I deal with mental illness myself and I know the struggles of dealing with it here in North America (Canada specifically, but I wonder if it's any worse or better over there?
I've known people over here who've taken therapy, not to mention several who should have been taking therapy. At least one of them is not with us anymore. It's true that there's still a stigma attached to it, but it's slowly becoming more accepted. That's not to say that it isn't an intensely private thing as well, so you're not likely to hear someone going on and on about how great their shrink is, but... I have it on good authority that the waiting period to get a first appointment with a therapist can be upwards of a month, simply because the demand is outpacing the supply by that much. More people than ever are availing themselves of the opportunity, but they're being relatively quiet about it.
I can read hiragana and katakana, and have a decent sense of conversational Japanese. I understand sentence structure and the all-important sentence ending particles that shape what the sentence is about. Now, I'm not actually wanting to dive into kanji. I would rather continue on path that let me learn more words. Which is the nouns. What games do you know of that use lower-level Japanese in the sense of kana but would expand my vocabulary without kanji being an issue.
Honestly, you should start digging into the kanji sooner rather than later, but if you want to get into low-symbol games, you'll probably need to go retro. The older the system, the more likely it doesn't have the memory capacity to handle the entire library of ideograms. Anything for the GameBoy or NES would definitely be low in kanji, but some of the earlier SNES games are limited on the count as well. This does not necessarily make them easier to play. Shin Megami Tensei in particular was a rough row to hoe, since all foreigners and most of the demons speak only in katakana.
The best series for what you're intending would actually be Pokémon. Up until Generation V, the only kanji used in any game of that series was en, the symbol for money. Even for the Black/White and X/Y games, there's an option to forego kanji. And in the case of X/Y, you could play it in Japanese even on an American-bought cartridge since it gives a language choice at the very start.
If you are interested in classic handheld games, I've got a pretty good library on hand, too. Or even more recent handheld games. I can tell you right now that Medabots DS doesn't have any kanji either.
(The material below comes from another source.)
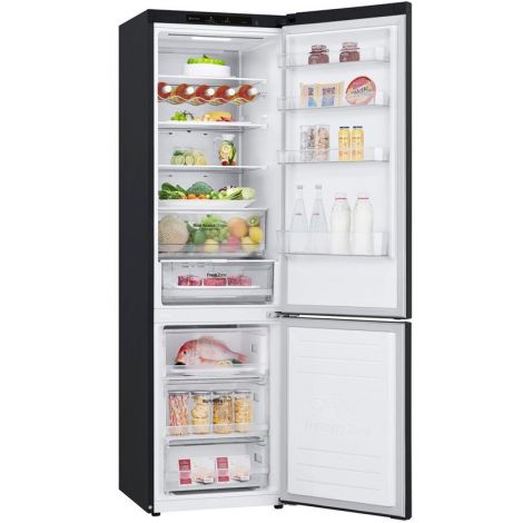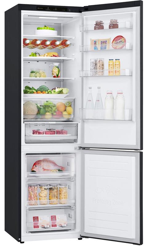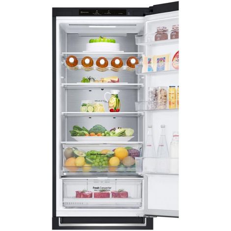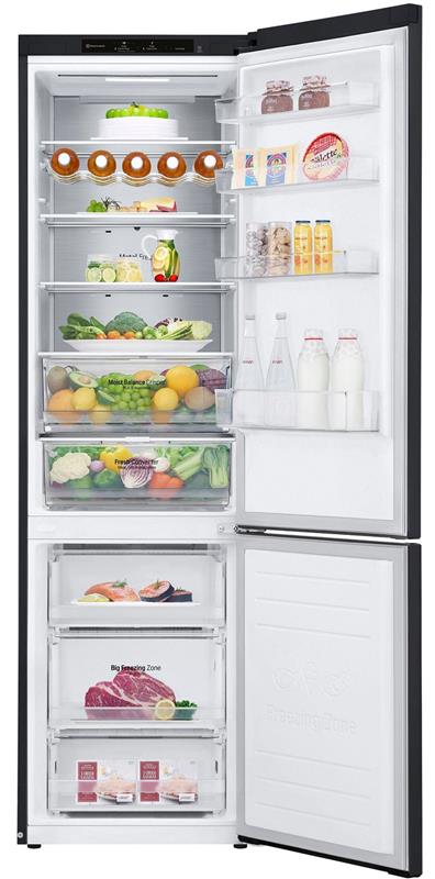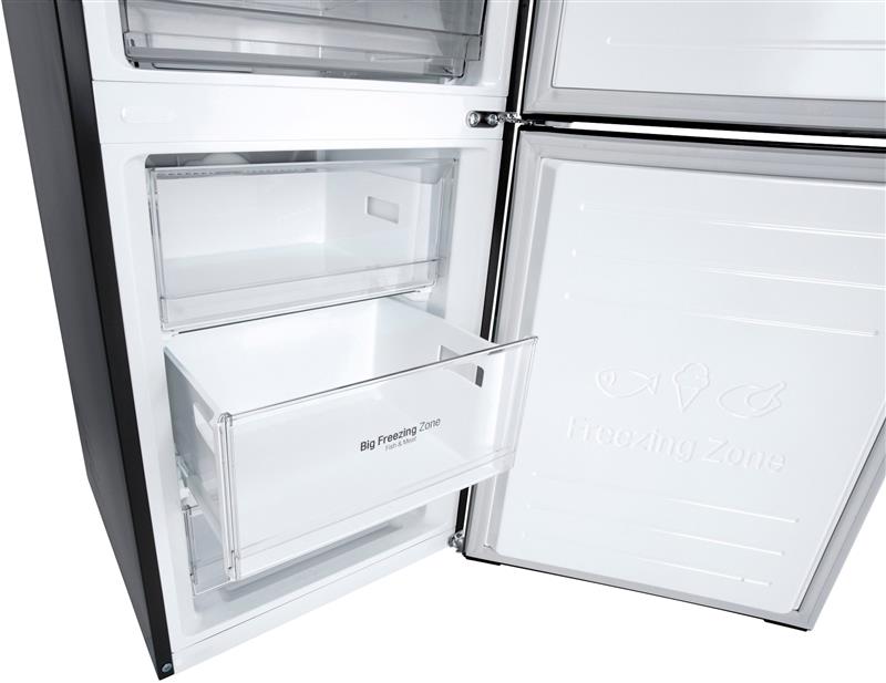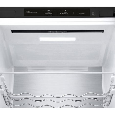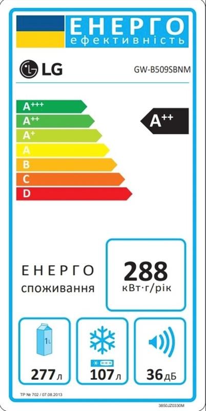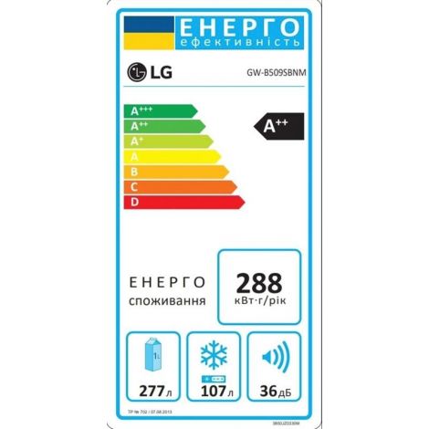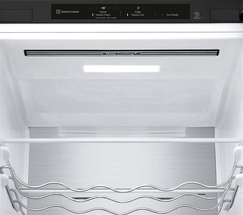 Технологія DoorCooling+. Вентиляційні отвори, розташовані в передній частині холодильника, допомагають підтримувати температуру на належному рівні, щоб продукти залишалися свіжими. Тиха робота. Рівень шуму в нових холодильниках LG DoorCooling+ 36 дБ, що на 25% нижче, ніж у попередніх моделях. Безшумна та надійна робота, щоб нічого не порушувало вашого спокою вдома. Smart Inverter компресор. Smart Inverter компресор вирізняється економічністю та меншим рівнем шуму порівняно з моделями зі звичайним компресором. Клас енергоефективності А++. Холодильник LG з інверторним компресором має рівень енергоефективності А++ і споживає на 32% менше електроенергії. Multi Air Flow. Холодне повітря циркулює через усі повітряні клапани і рівномірно охолоджує холодильне відділення. Технологію циркуляції холодного повітря значно вдосконалено порівняно з холодильниками, що працюють на стандартній системі No Frost. Total No Frost. Холодильники з технологією LG Total No Frost більше не потребують розморожування холодильної та морозильної камер. Металева пластина. Металева пластина на задній стінці слугує додатковим джерелом охолодження, а також підкреслює мінімалізм і вишуканий дизайн холодильника. Оптимальна температура для різних продуктів. Різні продукти вимагають різних температурних режимів зберігання. За допомогою FRESHConverter можна вибрати один із трьох температурних режимів (-2°C: М’ясо/0°C: Риба/3°C: Овочі). Moist Balance Crisper. Завдяки комірчастій структурі кришки Moist Balance Crisper конденсат накопичується в стільниках, запобігаючи потраплянню крапель на продукти. Водночас вода повільно випаровується, створюючи оптимальний рівень вологості. Це дає змогу зберегти фрукти й овочі свіжими набагато довше за збереження їхніх корисних властивостей і смакових якостей. Збільшена полиця для пляшок вина. Якщо ви справжній поціновувач вина, то зручна винна полиця - це те, що вам потрібно. Тепер вона дає змогу зберігати до 5 пляшок. Big Freezing Zone. Для ефективного зберігання м’яса та риби в морозильних камерах холодильників LG передбачено окреме відділення. Smart Diagnosis. Технологія LG Smart Diagnosis™ допомагає швидко і правильно виявити проблему в роботі холодильника без необхідності виклику фахівця з сервісного центру додому. Нульовий зазор. Удосконалена конструкція дверцят холодильника дає змогу відчиняти їх під прямим кутом (90°) без виступів за габарити холодильника за шириною та забезпечує легкий доступ до всіх полиць у холодильному та морозильному відділеннях. Навіть на невеликих кухнях двері холодильника не вдарятимуться об стіни. Технологія контролю напруги. Надійна система контролю напруги дає змогу холодильнику LG продовжувати працювати в разі перепаду напруги від 187 до 253 Вольт. Захист від пікових навантажень до 400 Вольт.

Another question, Is the SaGa series seen as an experimental series by fans and the media, or just another series? What is the general attitude and popularity of the series there?
"Experimental" is a very broad term in a genre that has done so many weird things over the decades. A lot of the gimmicks and oddities of the SaGa series have rarely been copied (aside from obvious homages like The Legend of Legacy or that Clannad fan game a few years back), but the same could be said of the Tales series and its Linear Motion Battle System.
As for the question of popularity, here we have a series with nine primary entries (and one more en route), three slightly upgraded remakes, three completely overhauled remakes — plus phone apps, browser-based derivatives, and cameos in other games specifically intended to make money off of series nostalgia. This does not happen with "just another" game series. There's got to be some deep-running appreciation for most of the series within the mature gaming population of Japan (though I wouldn't begrudge a general distaste for Unlimited Saga).
And seriously, people don't do this sort of thing for niche series too often:
I know I've shown this one in JP before, but it's worth another look. An amateur orchestra doing a medley of Romancing SaGa III music, with many of the players in costume as various characters from the game, while acting out battle actions and performing skits based on game events? Even in Japan, this sort of thing is a rarity.